Cordesman told Navy Times on Friday that the Navy had suffered further credibility setbacks — both on Capitol Hill and within the service — after the late-July announcement that it would cancel its Zumwalt-class destroyers after two ships, partly because they apparently were not designed with any air defense capability. Cordesman said he was reminded of a time when he asked the Navy about potential problems with the A-12 attack jet program and was flatly told the problems didn’t exist. Six weeks later, he said, the Pentagon canceled the program outright.

The A-12 and the DDG-1000 are examples of a long-standing Navy inability to connect strategy with acquisitions, Cordesman said.

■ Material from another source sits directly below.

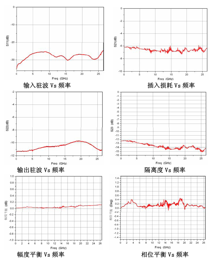 頻率范圍(GHz) | 隔離度 (dB Min) | 回波損耗 (Min) | 插入損耗 (dB Max) | 幅度平衡 (dB) | 相位平衡 (Deg) | 路數(shù) | 輸入功率 (W Max) | 接口形式 |
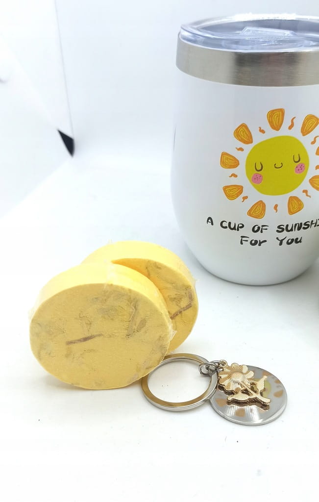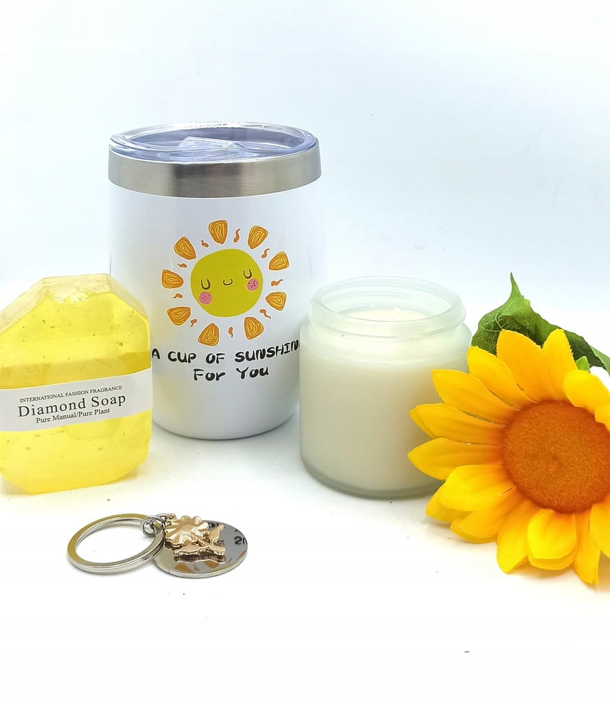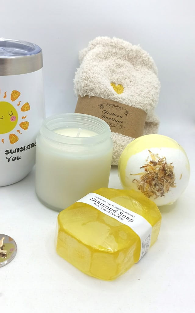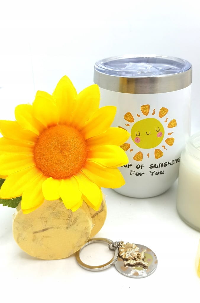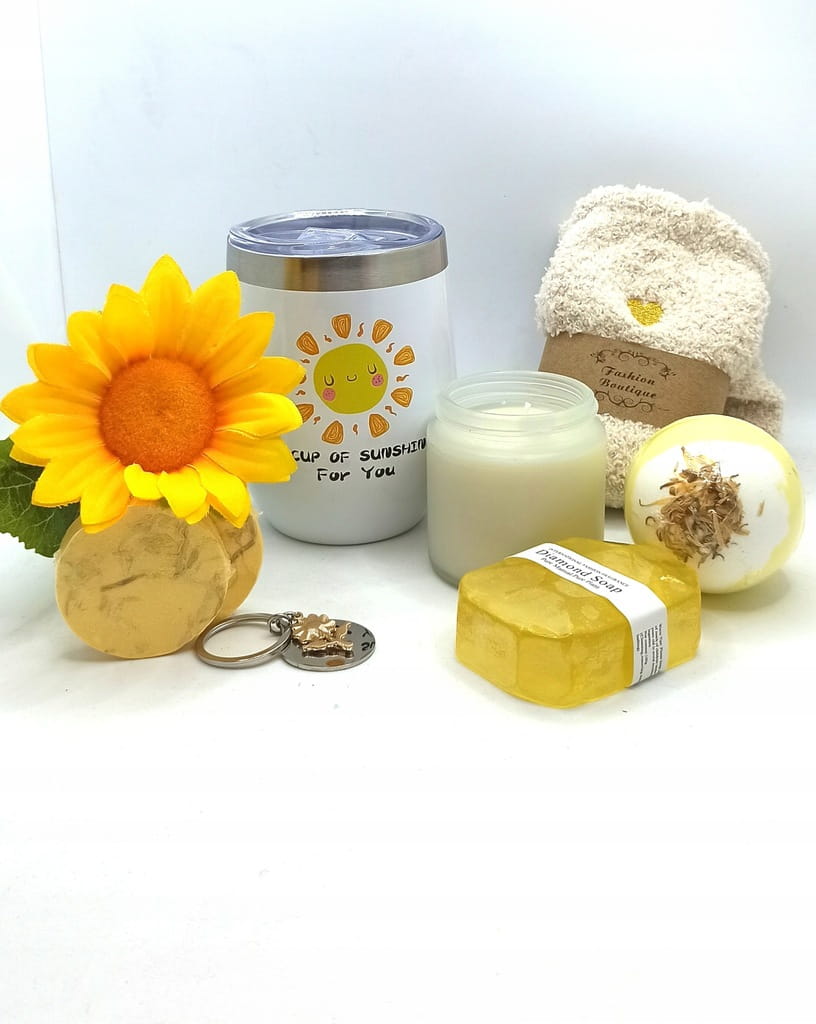 Kula do kąpieli, świece, mydło do twarzy i ciała, kapsułki musujące, ciepłe skarpetki, breloczek i ozdobny słonecznik

“I can remember, 20 years ago, being presented a new Navy strategy, and saying, well, what does it mean in terms of force levels, procurement plans and the budget, and getting a blank stare,” he said.

It’s not just a Navy problem; the CSIS report blames the highest tier of Pentagon leadership for acquisition problems throughout the military. None of the armed services have concrete, actionable policies in place to buy the gear they need, the authors write, but their commanders also are not held accountable for rising costs or unrealistic expectations.

A Navy spokesman did not immediately respond to a request for comment.